California will open a new facility in the Sleep Train sports arena in Sacramento. This will be a convalescent area for those in recovery who can’t go home but do not need to be in the hospital. NYC is now dealing with the fact that some Covid patients were discharged to nursing facilities which resulted in elderly residents being infected.
Optumserve PCR Nasal Testing
Offered in NC, turn around is 4-7 days. Must make appt online.
Monoclonal antibody bamlanivimab
NC local hospital now has 5 doses on hand. Given in single dose treatment, given IV over 2 hours.
“Hard to pronounce, hard to deliver”. Saved for over 65, other high risk, factors, and want to keep out of the hospital.
Polyclonal antibody regeneron (the one given to Pres.Trump)
Also available – effective treatment
Will probably begin middle of Dec. Two vaccines: Pfiser vaccine (requires very cold temp for storage) and Moderna vaccine (can be stored more normal refrigerator cold). Both novel vaccines, new. Over 95% effective. Some transient side effects in the first 24 hours.
Given to highest risk first – nursing homes and hospital staffs. Then essential services, medical personnel, first responders, etc. Not clear how many people want to have it. Then it may become required for air travel, employment, etc.
CVS and Walgreen’s will be part of distributing vaccines when more widely available.
Surge is filling hospital systems
Regional Center for Covid 19, Mercy San Juan complex, is completely full. This means other hospitals can’t refer to that facility.
Fire Dept is changing their first response for medical issues – they will not transport now in NC. Just ambulance services will transport. Hospital PPE supplies is good – over 90 days.
Local NC hospital has 16 ventilators. 8 hi flow O2 systems. Staffing is a concern.
Right now, most of hospitals are not allowing visitors.
Cases in most of the schools. Kindergarten and younger do very well with Covid. Most of the schools in NC will stay closed after Thanksgiving break and won’t open until January. That will be two 14 day cycles (28 days) to be safe after the holiday.
Curfew – not supposed to be out after 10 pm – 5 am, except for essential services. Not being enforced.
Currently restaurants in NC are suing the county because of closure orders.
Californa OSHA will come out with new recommendations with Covid considerations.

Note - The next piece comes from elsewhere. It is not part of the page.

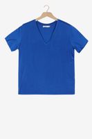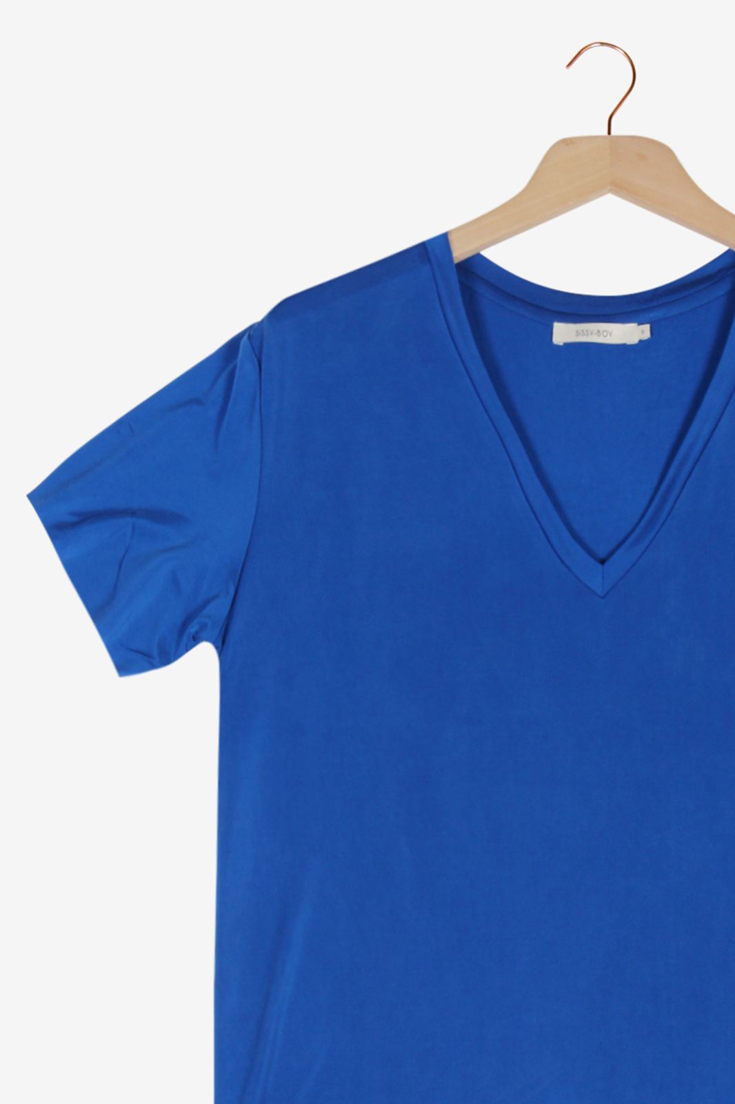 Dit kobalt blauwe T-shirt met V-hals is gemaakt van 90% crupo en 10% elastaan. Omdat het t-shirt gemaakt is van crupo is het ademend en absorberend en kan deze donkere kleur prima gedragen worden in de zomer. Een basic die je in je kast moet hebben!

Significant outbreak sources are break rooms in businesses – recommended that masking be enforced and best to eat outside or another place with no one else around, open windows.
CDC travel advisory
For winter – recommending against travel for anything other than essentials. Could consider getting tested 1-3 days before travel and testing 3-5 days after. Quarantine for at least 7 days with a negative test before coming out of quarantine if you must travel.
Ivermectin – still a potential outpatient oral medication. Cheap, well tolerated. Dosing is simple.
Jyotish and Devi – no news.
Q: Have N RNA vaccines been done before? What about long term safety studies? Should we be concerned about the lack of knowledge?
A: No, this is a novel approach. We do not have long term studies. There is concern about the lack of experience and knowledge in this field? I (Dr Peter) will probably take the vaccine because it it my duty to take care of people.
Q: Will the virus mutate and nullify the effectiveness of the vaccine?
A: Great Question! Remember the story of the virus that got into the minks and transmitted back to humans – that was a mutation. Don’t know if the vaccine would work.
Q: Do we have any information about the virus in other colonies?